### Exercise:
Leaving out the images, return the data below exactly as it is written.
═══ Provided data
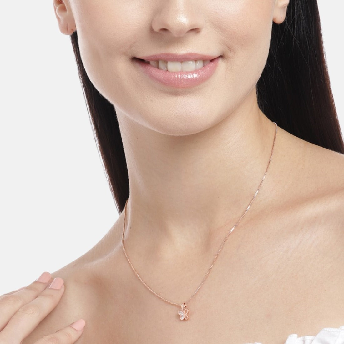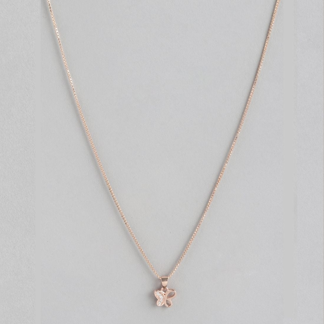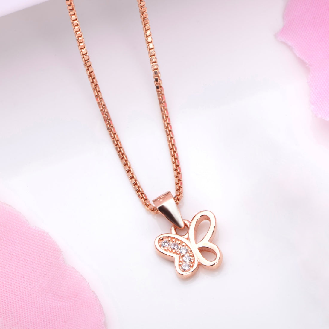 Product Description:- Embrace the delicate beauty of nature with our "Radiant Rose Gold Butterfly Whispers" pendant. Crafted from high-quality 925 sterling silver and plated with warm rose gold, this pendant features a charming butterfly pattern adorned with shimmering cubic zirconia gemstones. The intricate design captures the grace and elegance of a butterfly in flight. A symbol of transformation and freedom, this pendant exudes a sense of lightness and positivity. It's a perfect accessory to add a touch of enchantment to any outfit.
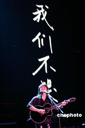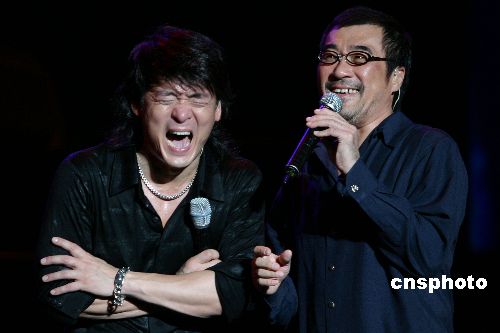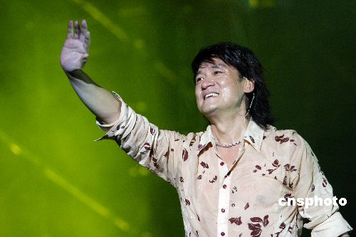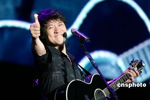 2006年6月24日晚,华健20南宁演唱会在南宁民歌广场举行。面对1万5千观众,华健挥汗如洗,彻底“湿身”。嘉宾李宗盛的出场,把演唱会推向高潮。“忘词大王”依然离不开提词机。演唱会4个小时华健共唱了40首歌。中新社发 骆文刚 摄
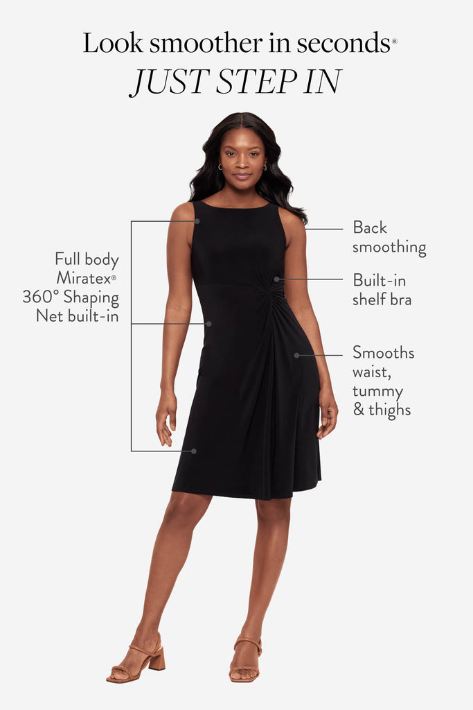 Powered by Miratex® 360° Shaping Net: invisible targeted compression for tummy, waist & thighs. Plus built-in bust support and back smoothing.
══════
### Result of this task:
 Product Description:- Embrace the delicate beauty of nature with our "Radiant Rose Gold Butterfly Whispers" pendant. Crafted from high-quality 925 sterling silver and plated with warm rose gold, this pendant features a charming butterfly pattern adorned with shimmering cubic zirconia gemstones. The intricate design captures the grace and elegance of a butterfly in flight. A symbol of transformation and freedom, this pendant exudes a sense of lightness and positivity. It's a perfect accessory to add a touch of enchantment to any outfit.
 2006年6月24日晚,华健20南宁演唱会在南宁民歌广场举行。面对1万5千观众,华健挥汗如洗,彻底“湿身”。嘉宾李宗盛的出场,把演唱会推向高潮。“忘词大王”依然离不开提词机。演唱会4个小时华健共唱了40首歌。中新社发 骆文刚 摄
 Powered by Miratex® 360° Shaping Net: invisible targeted compression for tummy, waist & thighs. Plus built-in bust support and back smoothing.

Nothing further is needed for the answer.